* Exercise details:
The lines to be extracted begin at the line containing "Само мыло имеет" and end at the last line of the data below; copy them exactly and leave out the pictures.

* Material to process:
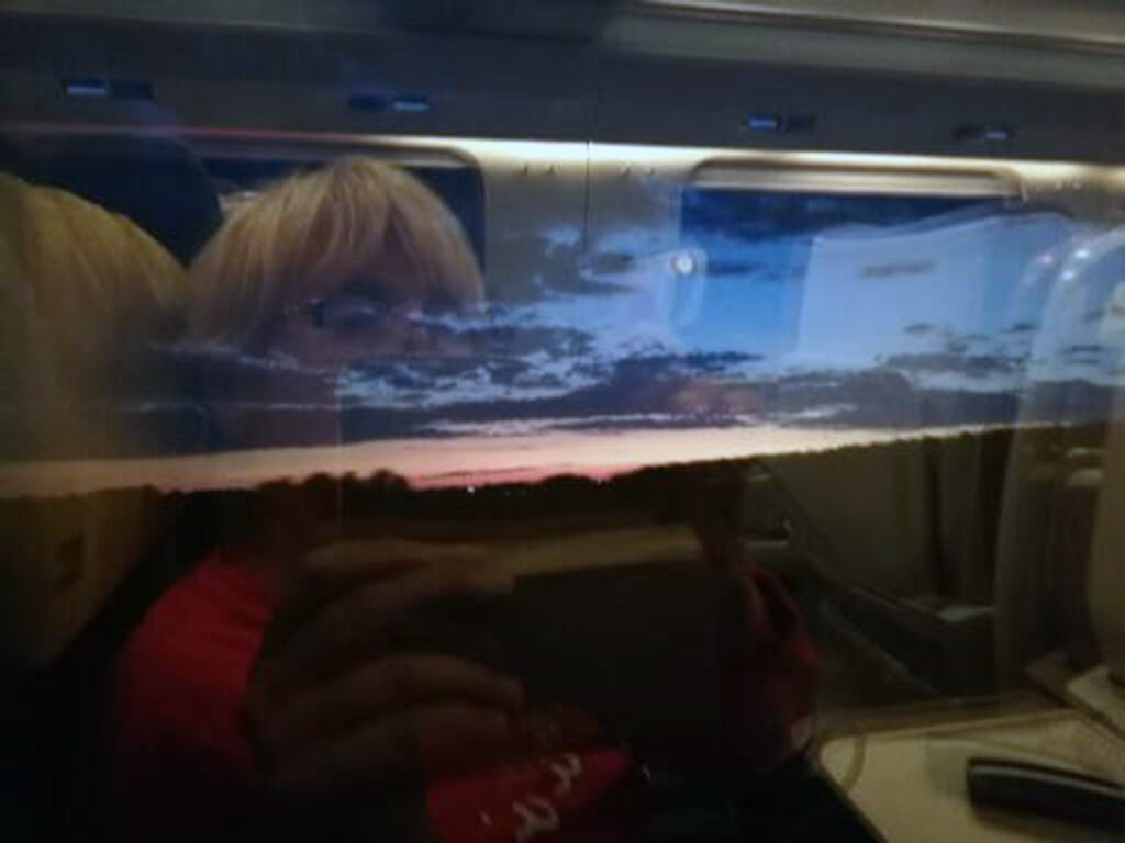 zdjęcie pokazujące osobę odbitą w szybie pociagu o zmierzchu.
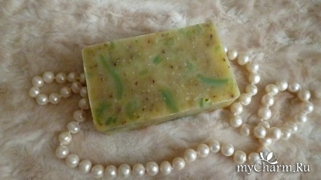 Само мыло имеет желто-зеленый цвет с зелеными вкраплениями и молотыми сухими листьями мяты.
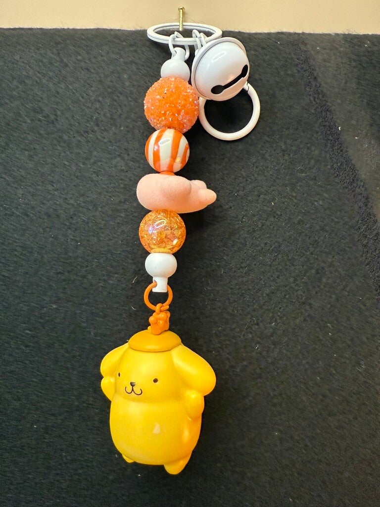 Bring a burst of sunshine wherever you go with this cheerful Pompompurin charm keychain. Featuring a vibrant yellow Pompompurin figure paired with playful orange and white beaded accents, this accessory is equal parts cute and eye-catching. The mix of glitter, striped, and solid beads adds texture and fun, while the mini bell charm gives it a touch of whimsy. Perfect for adding a splash of personality to your keys, bags, or backpacks, this keychain is a delightful reminder to carry a little joy with you every day.
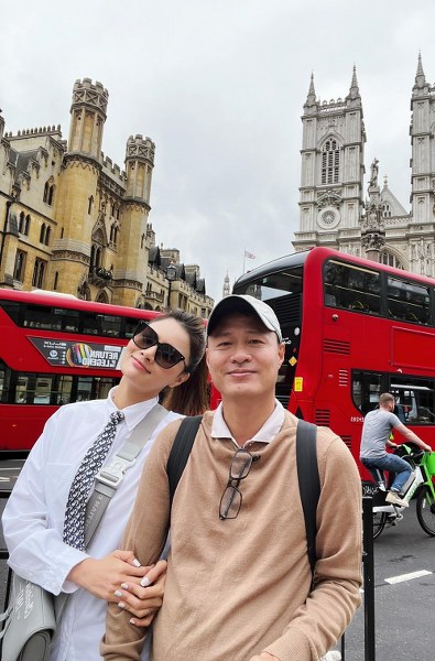 Vũ Thu Phương và chồng cũ trong chuyến du lịch nước ngoài năm 2023.
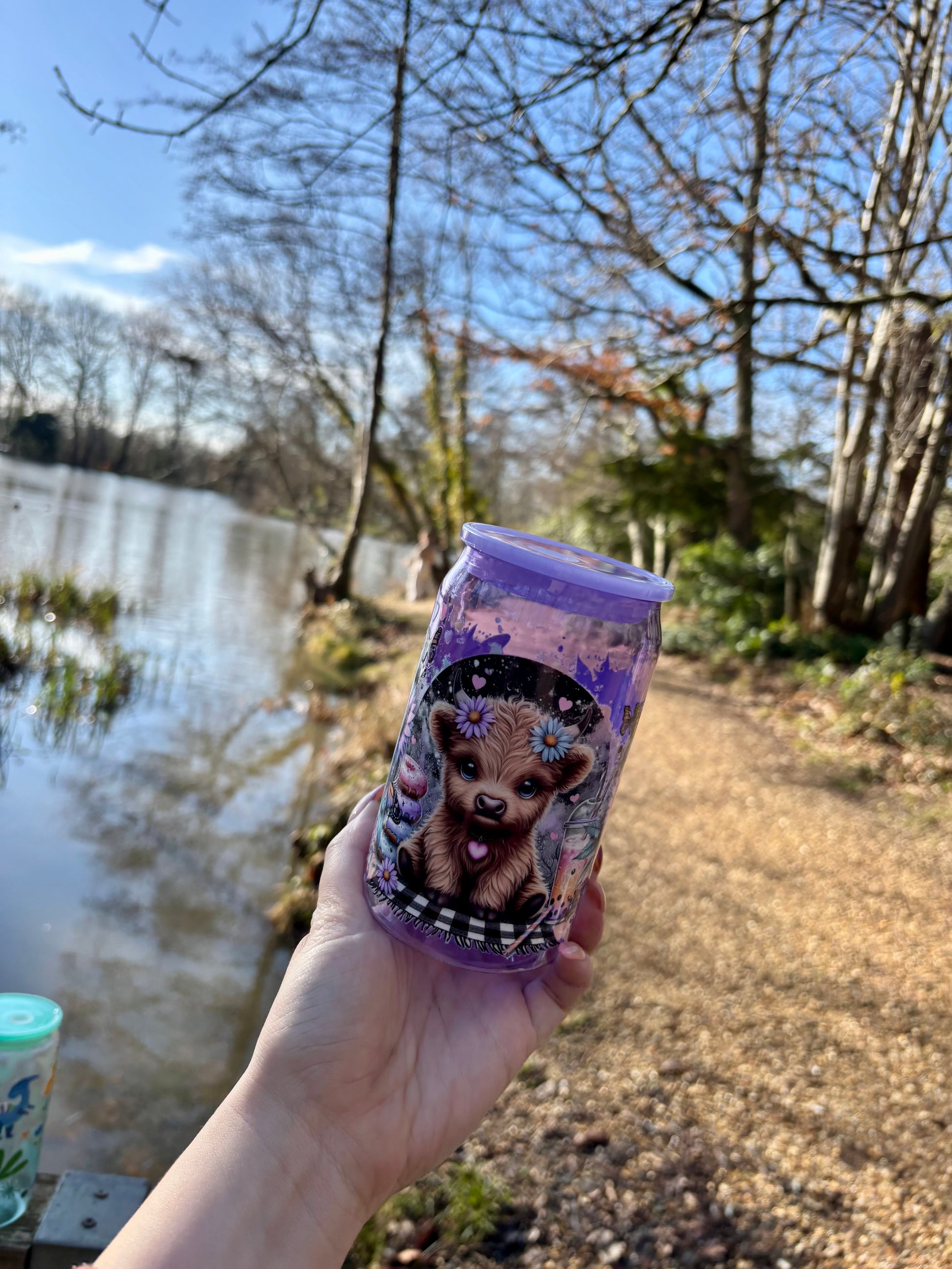 Featuring an adorable fluffy Highland cow surrounded by florals and soft woodland details, this cup is perfect for anyone who loves cozy, cottagecore vibes.
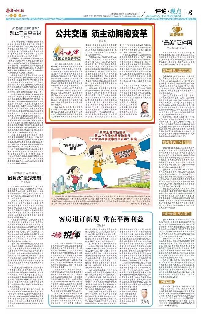 无论社会如何发展,便民服务始终是最好的竞争力。当下,公共交通运营者要发挥自身的比较优势,并善于利用新技术变革服务方式,打通便民交通的“神经末梢”,最大限度满足群众所需所盼,才能取得企业发展与民生获得的双赢。进而言之,当社会发展能促动企业去主动拥抱变革,也能兼顾不同群体的需求、丰富更多人的选择时,这就是一种长足的进步。(来源:泉州晚报、石狮融媒、安溪融媒)
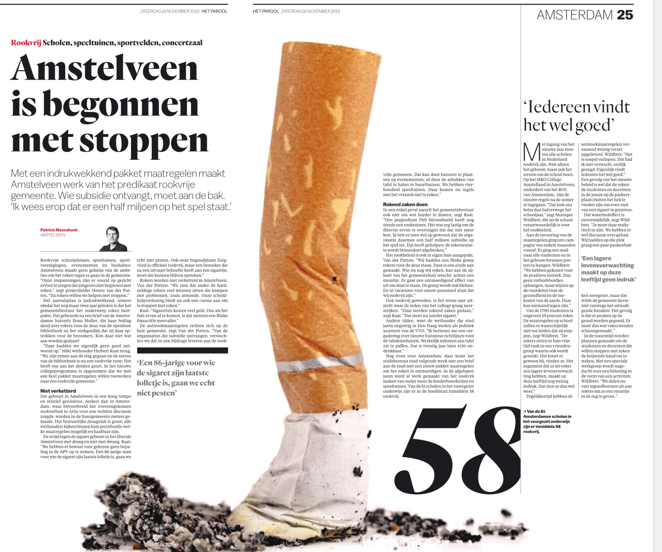 2019-17-11; Het Parool; herbert Raat over aanpak roken in Amstelveen Dit delen:TweetVind-ik-leuk Aan het laden...
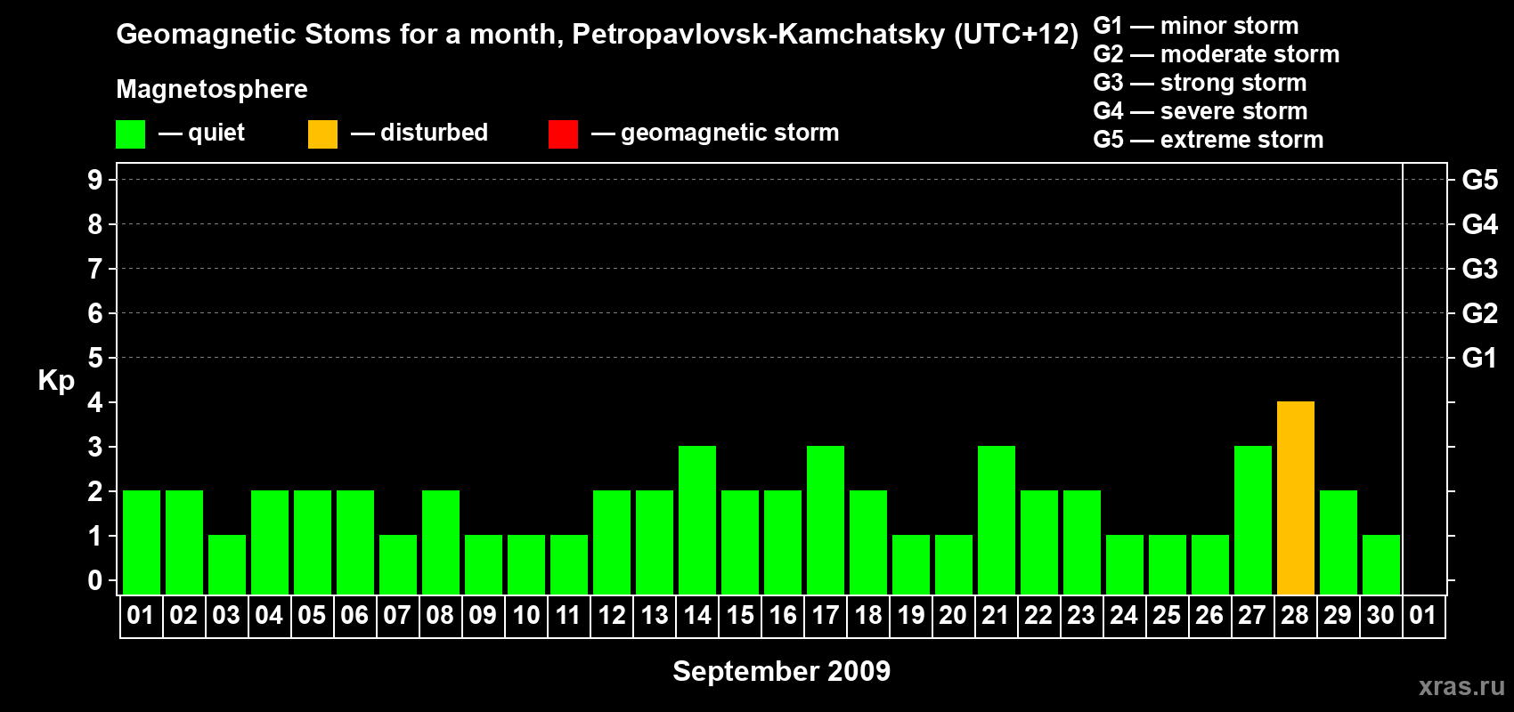 Geomagnetic storms in Petropavlovsk-Kamchatsky — Sep 30, 2009

* Finished exercise:
 Само мыло имеет желто-зеленый цвет с зелеными вкраплениями и молотыми сухими листьями мяты.
 Bring a burst of sunshine wherever you go with this cheerful Pompompurin charm keychain. Featuring a vibrant yellow Pompompurin figure paired with playful orange and white beaded accents, this accessory is equal parts cute and eye-catching. The mix of glitter, striped, and solid beads adds texture and fun, while the mini bell charm gives it a touch of whimsy. Perfect for adding a splash of personality to your keys, bags, or backpacks, this keychain is a delightful reminder to carry a little joy with you every day.
 Vũ Thu Phương và chồng cũ trong chuyến du lịch nước ngoài năm 2023.
 Featuring an adorable fluffy Highland cow surrounded by florals and soft woodland details, this cup is perfect for anyone who loves cozy, cottagecore vibes.
 无论社会如何发展,便民服务始终是最好的竞争力。当下,公共交通运营者要发挥自身的比较优势,并善于利用新技术变革服务方式,打通便民交通的“神经末梢”,最大限度满足群众所需所盼,才能取得企业发展与民生获得的双赢。进而言之,当社会发展能促动企业去主动拥抱变革,也能兼顾不同群体的需求、丰富更多人的选择时,这就是一种长足的进步。(来源:泉州晚报、石狮融媒、安溪融媒)
 2019-17-11; Het Parool; herbert Raat over aanpak roken in Amstelveen Dit delen:TweetVind-ik-leuk Aan het laden...
 Geomagnetic storms in Petropavlovsk-Kamchatsky — Sep 30, 2009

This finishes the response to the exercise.